Lo cierto es que la ministra de Igualdad no ha llegado a hacer en ningún momento lo que sí hizo su excompañera de partido Carolina Bescansa (49) cuando en enero de 2016 llevó a su hijo recién nacido al palco del Congreso durante una jornada laboral, pero eso es lo único que le ha faltado por vivir a Aitana Iglesias. Y es que la pequeña ya conoce todos los rincones de la Cámara Baja como si fuera su casa.

Irene Montero junto a Aitana en su despacho del Congreso.

"Siempre voy en mochila y muy protegida", expresó una vez Irene Montero poniendo voz de niña pequeña como si lo dijese su hija en un documental del canal de Youtube de Julen Hernández. Y así, desde su mochila portada por su padre o su madre, la tercera hija de los líderes de Unidas Podemos ha conocido el mundo político de primera mano.

La pequeña vivió el ajetreo de agenda de su madre en plena campaña electoral del pasado 10 de noviembre. Aitana solo tenía tres meses y buscaba el pecho de su progenitora cada muy poco tiempo. Por eso, Montero la portaba allá donde fuera. "Así sobrevive la pobre muchacha que es una activista desde los primeros meses. Pobrecita mía... Saca carácter, pero sí, se porta bien. También es que come mucho, la tengo empachada.
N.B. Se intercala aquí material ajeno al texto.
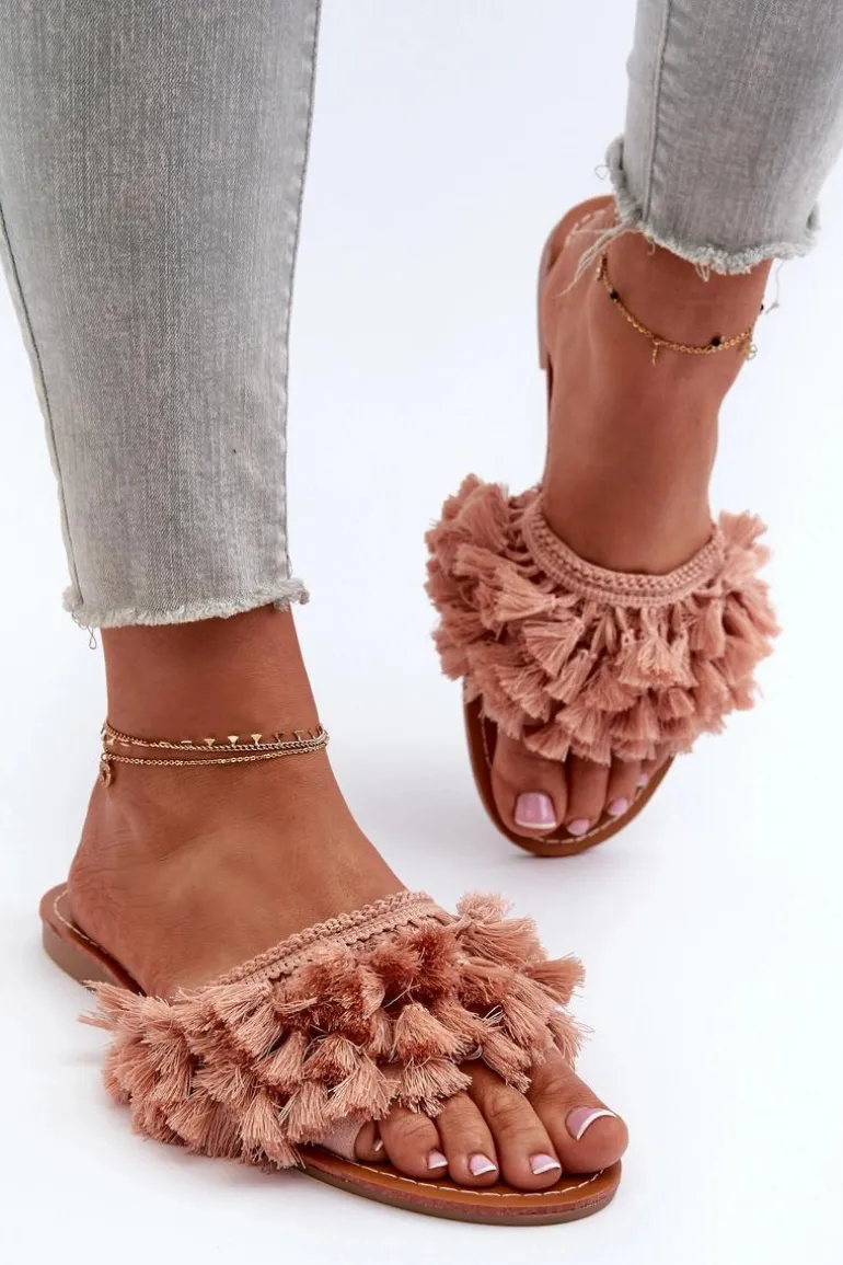 Klapki na płaskim obcasie z frędzlami to doskonały wybór dla kobiet, które szukają stylowego i wygodnego obuwia na letnie dni. Frędzle dodają im oryginalności, a płaski obcas gwarantuje komfort noszenia przez cały dzień. Te klapki będą doskonałym uzupełnieniem letnich stylizacji! Przy wyborze rozmiaru prosimy sugerować się tabelą rozmiarów.

La compro con comida", contaba Irene.

Irene con Aitana, tras una entrevista.

Pese a lo apresurado de su vuelta tras dar a luz, la política no faltó a sus actos de campaña ni a sus compromisos con los afiliados y con los entes feministas, y junto a ella siempre estaba Aitana. Llegaban al lugar del evento, y apenas un minuto antes de salir ante la audiencia, Irene se despedía de la pequeña y la dejaba a cargo de alguien de su equipo. Pero justo al término de cada acto, entrevista o evento, iba corriendo a ver cómo se encontraba su hija, que en alguna ocasión le hizo terminar alguna charla antes de lo previsto por ponerse a llorar: "Si podemos, luego hacemos otros cinco minutos, que tengo a la Aitana llorando", expresó en un momento del citado documental ante el entrevistador.

Con apenas un año de vida, la pequeña ha pasado horas tomando el pecho de su madre en el sofá de su despacho en el Congreso y ha estado en primera fila de una importante manifestación contra el Cambio Climático en Madrid.

Pablo Iglesias sostiene a su hija en una manifestación por el Cambio Climático. Gtres

Y es que cuando aquel 2 de agosto de 2019 a las 20:00 horas el bebé vio la luz, no era consciente de las 'aventuras' que le aguardarían los próximos meses. Sin embargo, sus padres ya sabían que sería una niña poderosa desde su nacimiento y por eso la llamaron Aitana, en "un homenaje al exilio español y a la América Latina que abrazó a aquellos hombres y mujeres". El propio Pablo Iglesias narró el porqué de su nombre: "Saliendo de Alicante hacia el exilio que les acabaría llevando a América Latina, María Teresa León y Rafael Alberti se despidieron de su patria mirando por última vez la Sierra de Aitana llena de flores rojas. Aquella visión inspiró primero el nombre de la hija de dos poetas y después los de muchas más hijas, como la nuestra".

La protección de los mellizos

Los mellizos, Leo y Manuel, que nacieron el 3 de julio de 2018 con tan solo 27 semanas de gestación y estuvieron tres meses ingresados el Hospital Materno Infantil del Gregorio Marañón, en la sección neonatal.

Ahí empezó la verdadera lucha de Pablo e Irene, que pasaron de ser noticia día tras día por su posición de líderes de un partido político a quitarse la capa de lo público para convertirse exclusivamente en padres. Manuel y Leo permanecieron durante casi 100 días en el citado centro médico siendo observados por sus doctores a la vez que sus progenitores empleaban el Método Mamá Canguro (MMC). Esto es, una técnica completamente natural con la que los bebés prematuros están en contacto físico, piel con piel, con sus padres.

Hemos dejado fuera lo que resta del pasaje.